Ruddy claims that Biden is helping Ukraine "in every indirect way," but experts are doubtful the president is doing the right thing

Published: May 12, 2022 4:51pm

Updated: May 12, 2022 7:32pm

Newsmax CEO and President Christopher Ruddy on Wednesday separated himself from other conservatives by saying President Joe Biden deserves an "A" for his current response to Russia's invasion of Ukraine, but some security experts disagree with his views.

The conservative media CEO applauded Biden for signing the Ukraine Democracy Defense Lend-Lease Act into law on Monday. The legislation revives the World War II-era program allowing the United States to deliver weapons to Ukraine more quickly.

"Today, Putin appears shocked by the U.S. response," Ruddy wrote in an editorial more than two months after Russian President Vladimir Putin ordered his forces to invade Ukraine.

"Since the opening stages of the war, Biden’s response has been strong and measured," he claimed.

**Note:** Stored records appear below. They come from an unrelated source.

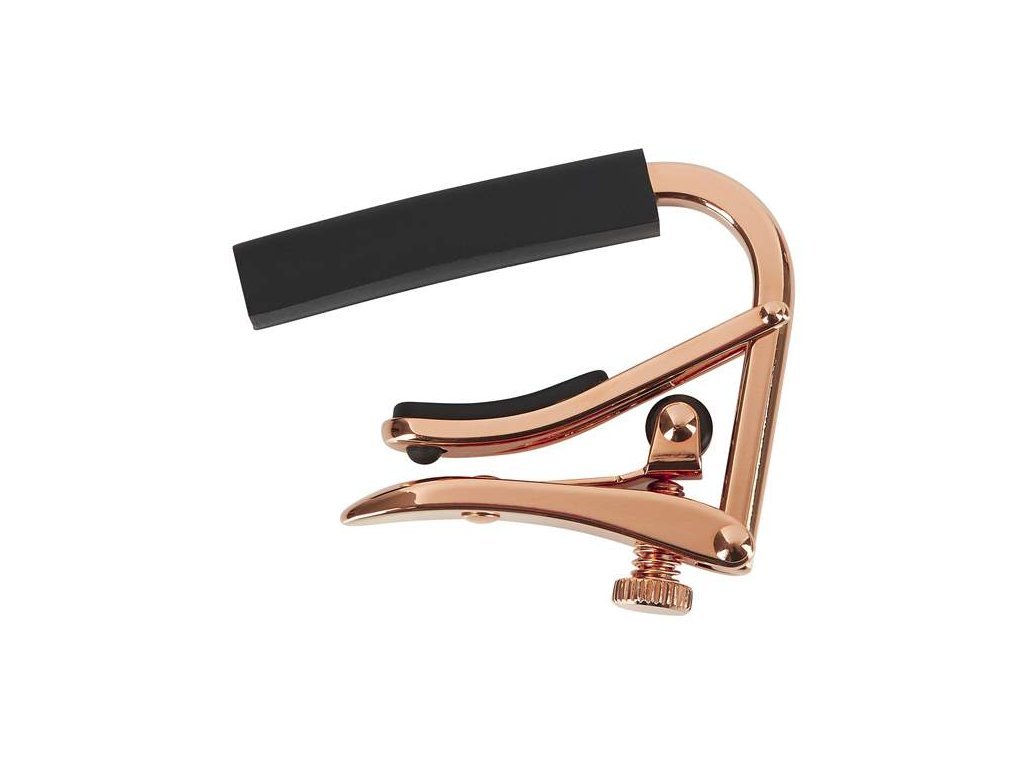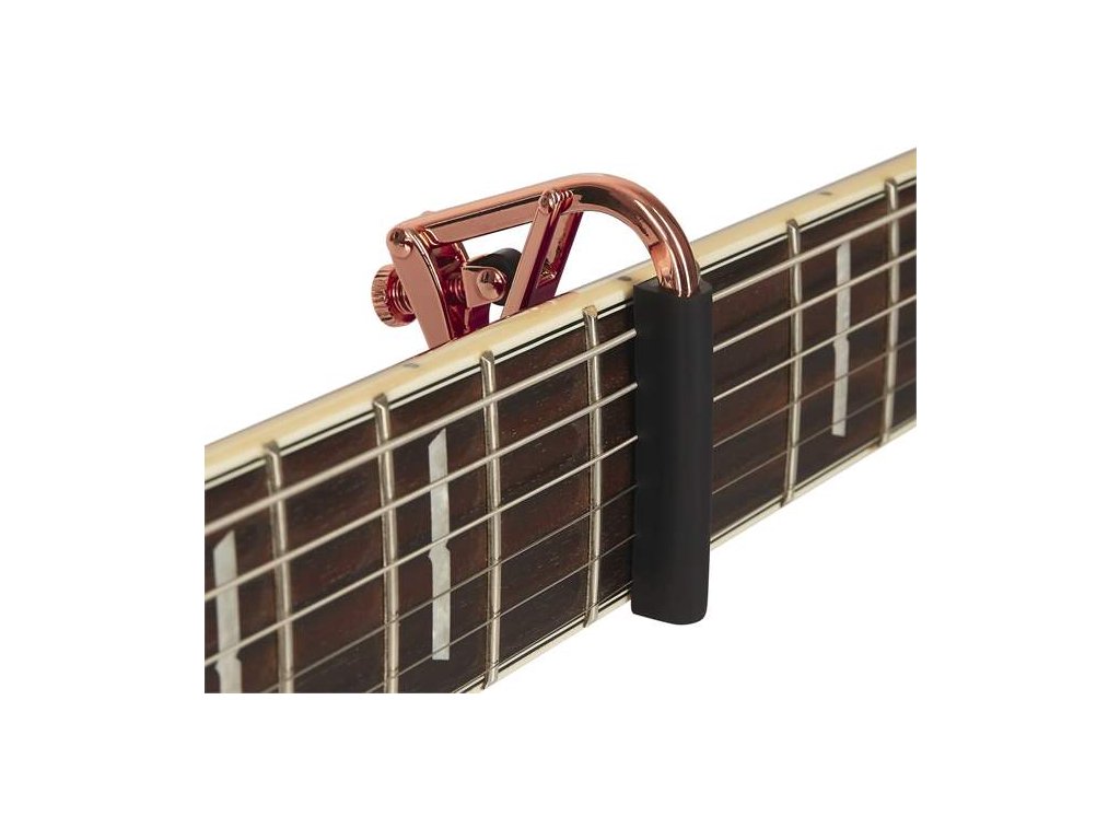 Jde o kapodastr s konstrukcí, která kombinuje jednoduchost s vysokou spolehlivostí a funkčností. Vyroben je z odolné mosazi v niklovaném provedení, díky které Vám vydrží po celý život, struny přitlačuje velmi kvalitní pevná guma, která brání i poškození krku ze zadní strany, a celý mechanismus funguje hladce díky nastavitelnému přítlaku.
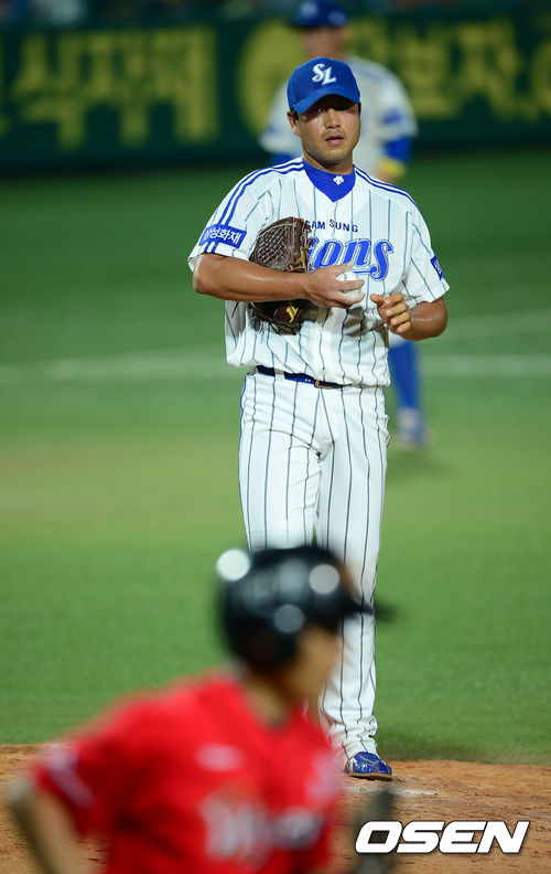 9일 오후 대구 시민운동장에서 열린 '2013 한국야쿠르트 세븐프로야구' 삼성 라이온즈와 SK 와이번스의 경기, 7회초 2사 만루 삼성 김희걸이 SK 조동화에게 밀어내기 볼넷을 허용한 뒤 아쉬워하고 있다.
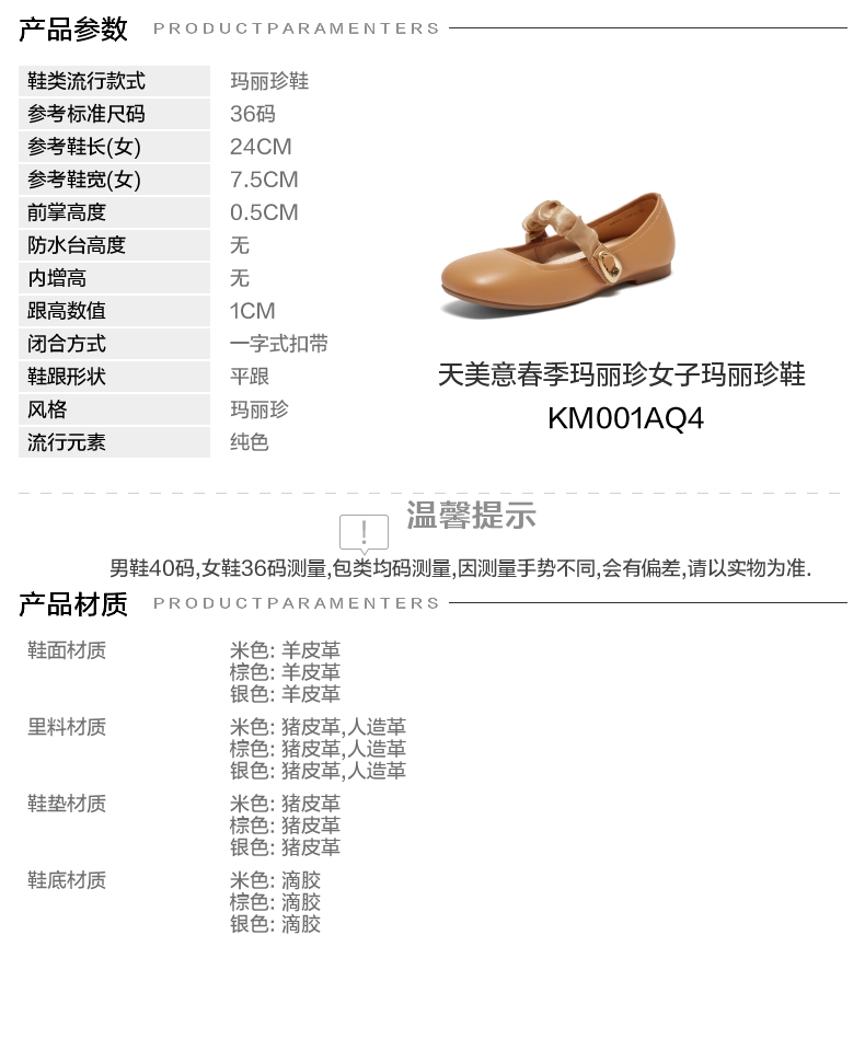 | 参考鞋长(女):24CM | 参考鞋宽(女):7.5CM | 风格:玛丽珍 | 色系:棕色 | 参考标准尺码:36码 |

He said that Biden is helping Ukraine "in every indirect way."

Some national security experts have been critical of the president's response to the crisis.

"In the Kremlin’s eyes the West is out to get Russia. It was unspoken before. Now it’s spoken," Sean Monaghan, European expert at the Center for Strategic and International Studies, told Foreign Policy after Biden urged Congress to send $33 billion to Ukraine.

"If you combine this with Biden’s comments, at his summit in Poland [in March] that 'this man [Putin] cannot remain in power,' all that turns this, a territorial war, into a wider confrontation and might make negotiating a settlement to end the war in Ukraine far more difficult or even impossible at the present," Monaghan explained. The White House later claimed Biden was not calling for a regime change in the Kremlin.

The House ultimately passed a $40 billion aid package.

"This is a small payment for our security and freedom. Acting strong now could help prevent a larger war," Ruddy said in his editorial.

Former CIA chief of Russia analysis George Beebe told FP that the Biden administration seemed to risk forgetting that "the most important national interest that the United States has is avoiding a nuclear conflict with Russia."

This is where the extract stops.